Predict

Functions to make predictions on the train/test set using NTK/NNGP.

Most functions in this module accept training data as inputs and return a new function predict_fn that computes predictions on the train set / given test set / timesteps.

WARNING: trace_axes parameter supplied to prediction functions must match the respective parameter supplied to the function used to compute the kernel. Namely, this is the same trace_axes used to compute the empirical kernel (utils/empirical.py; diagonal_axes must be ()), or channel_axis in the output of the top layer used to compute the closed-form kernel (stax.py; note that closed-form kernels currently only support a single channel_axis).

class neural_tangents.predict.Gaussian(mean: jax.numpy.ndarray, covariance: jax.numpy.ndarray)[source]

A (mean, covariance) convenience namedtuple.

property covariance

Alias for field number 1

property mean

Alias for field number 0

class neural_tangents.predict.ODEState(fx_train=None, fx_test=None, qx_train=None, qx_test=None)[source]

ODE state dataclass holding outputs and auxiliary variables.

neural_tangents.predict.gp_inference(k_train_train, y_train, diag_reg=0.0, diag_reg_absolute_scale=False, trace_axes=(- 1))[source]

Compute the mean and variance of the ‘posterior’ of NNGP/NTK/NTKGP.

NNGP - the exact posterior of an infinitely wide Bayesian NN. NTK - exact distribution of an infinite ensemble of infinitely wide NNs trained with gradient flow for infinite time. NTKGP - posterior of a GP (Gaussian process) with the NTK covariance (see https://arxiv.org/abs/2007.05864 for how this can correspond to infinite ensembles of infinitely wide NNs as well).
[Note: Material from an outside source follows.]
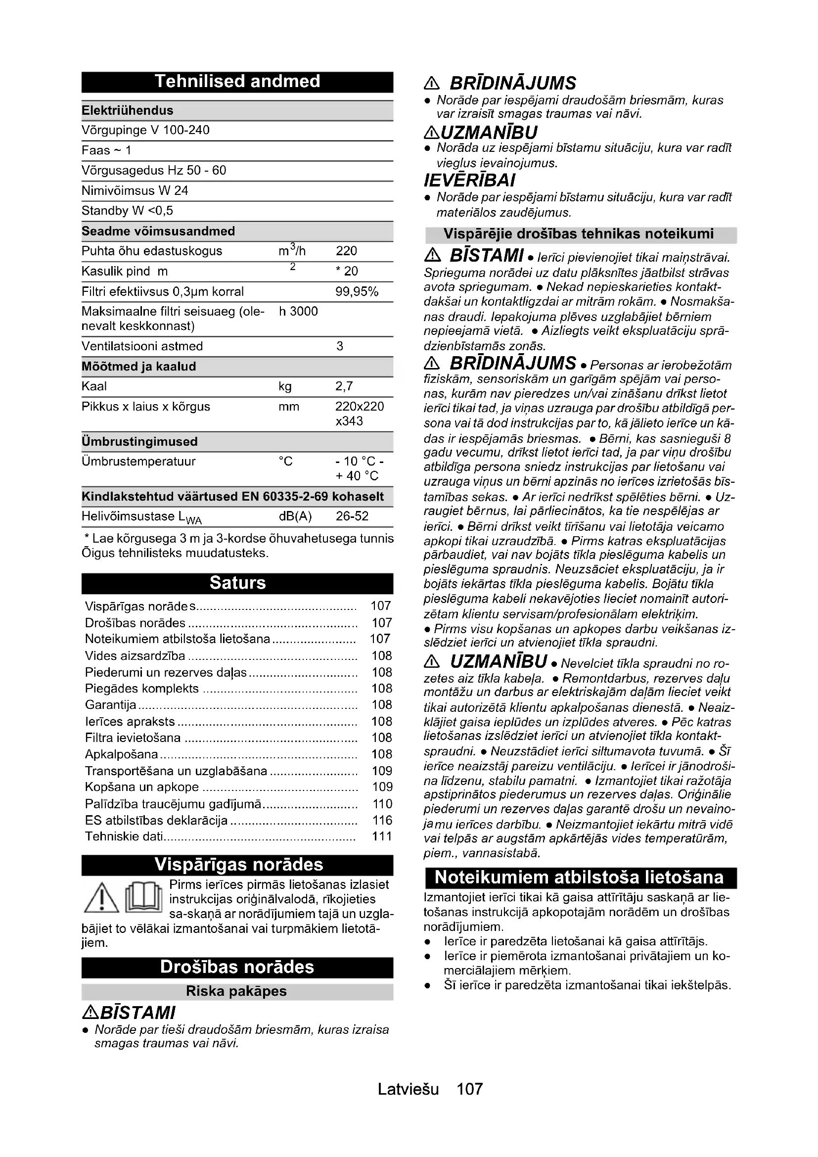 - Lae kõrgusega 3 m ja 3-kordse õhuvahetusega tunnis Õigus tehnilisteks muudatusteks. Saturs Vispārīgas norādes Pirms ierīces pirmās lietošanas izlasiet instrukcijas oriģinālvalodā, rīkojieties sa-skaņā ar norādījumiem tajā un uzgla- bājiet to vēlākai izmantošanai vai turpmākiem lietotā- jiem. Drošības norādes Riska pakāpes BĪSTAMI ● Norāde par tieši draudošām briesmām, kuras izraisa smagas traumas vai nāvi.

Note that first invocation of the returned predict_fn will be slow and allocate a lot of memory for its whole lifetime, as a Cholesky factorization of k_train_train.nngp or k_train_train.ntk (or both) is performed and cached for future invocations.

Parameters
  • k_train_train – train-train kernel. Can be (a) np.ndarray, (b) Kernel namedtuple, (c) Kernel object. Must contain the necessary nngp and/or ntk kernels for arguments provided to the returned predict_fn function. For example, if you request to compute posterior test [only] NTK covariance in future predict_fn invocations, k_train_train must contain both ntk and nngp kernels.

  • y_train (ndarray) – train targets.

  • diag_reg (float) – a scalar representing the strength of the diagonal regularization for k_train_train, i.e. computing k_train_train + diag_reg * I during Cholesky factorization.
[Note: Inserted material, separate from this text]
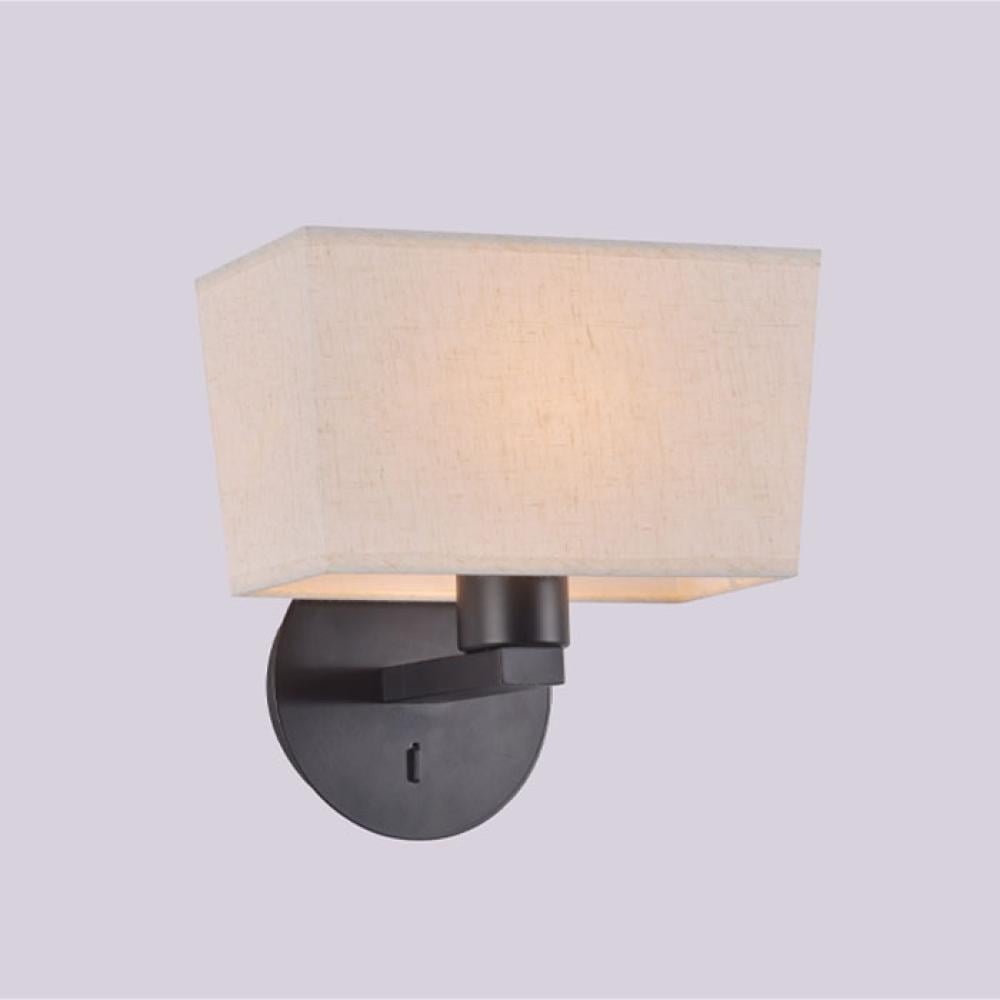 إنارة جدارية باللون الأسود قاعدة دائرية وشيد مستطيل بيج مع مفتاح

  • diag_reg_absolute_scale (bool) – True for diag_reg to represent regularization in absolute units, False to be diag_reg * np.mean(np.trace(k_train_train)).

  • trace_axes (Union[int, Sequence[int]]) – f(x_train) axes such that k_train_train, k_test_train`[, and `k_test_test] lack these pairs of dimensions and are to be interpreted as \(\Theta \otimes I\), i.e. block-diagonal along trace_axes. These can can be specified either to save space and compute, or to even improve approximation accuracy of the infinite-width or infinite-samples limit, since in in these limits the covariance along channel / feature / logit axes indeed converges to a constant-diagonal matrix. However, if you target linearized dynamics of a specific finite-width network, trace_axes=() will yield most accurate result.

Returns

A function of signature predict_fn(get, k_test_train, k_test_test) computing ‘posterior’ Gaussian distribution (mean or mean and covariance) on a given test set.

neural_tangents.predict.gradient_descent(loss, k_train_train, y_train, learning_rate=1.0, momentum=None, trace_axes=(- 1))[source]

Predicts the outcome of function space training using gradient descent.

Uses an ODE solver. If momentum != None, solves a continuous-time version of gradient descent with momentum (note: this case uses standard momentum as opposed to Nesterov momentum).

Solves the function space ODE for [momentum] gradient descent with a given loss (detailed in [*]) given a Neural Tangent Kernel[s] over the dataset[s] at arbitrary time[s] (step[s]) t. Note that for gradient descent absolute_time = learning_rate * t and the scales of the learning rate and query step[s] t are interchangeable. However, the momentum gradient descent ODE is solved in the units of learning_rate**0.5, and therefore absolute_time = learning_rate**0.5 * t, hence the learning_rate and training time[s] (step[s]) t scales are not interchangeable.

[*] https://arxiv.org/abs/1902.06720

Example

>>> from neural_tangents import empirical_ntk_fn
>>> from neural_tangents import predict
>>>
>>> t = 1e-7
>>> learning_rate = 1e-2
>>> momentum = 0.9
>>>
>>> kernel_fn = empirical_ntk_fn(f)
>>> k_test_train = kernel_fn(x_test, x_train, params)
>>>
>>> from jax.experimental import stax
>>> cross_entropy = lambda fx, y_hat: -np.mean(stax.logsoftmax(fx) * y_hat)
>>> predict_fn = predict.gradient_descent(cross_entropy, k_train_train,
>>>                                       y_train, learning_rate, momentum)
>>>
>>> fx_train_0 = f(params, x_train)
>>> fx_test_0 = f(params, x_test)
>>>
>>> fx_train_t, fx_test_t = predict_fn(t, fx_train_0, fx_test_0,
>>>                                    k_test_train)
Parameters
  • loss (Callable[[ndarray, ndarray], float]) – a loss function whose signature is loss(f(x_train), y_train). Note: the loss function should treat the batch and output dimensions symmetrically.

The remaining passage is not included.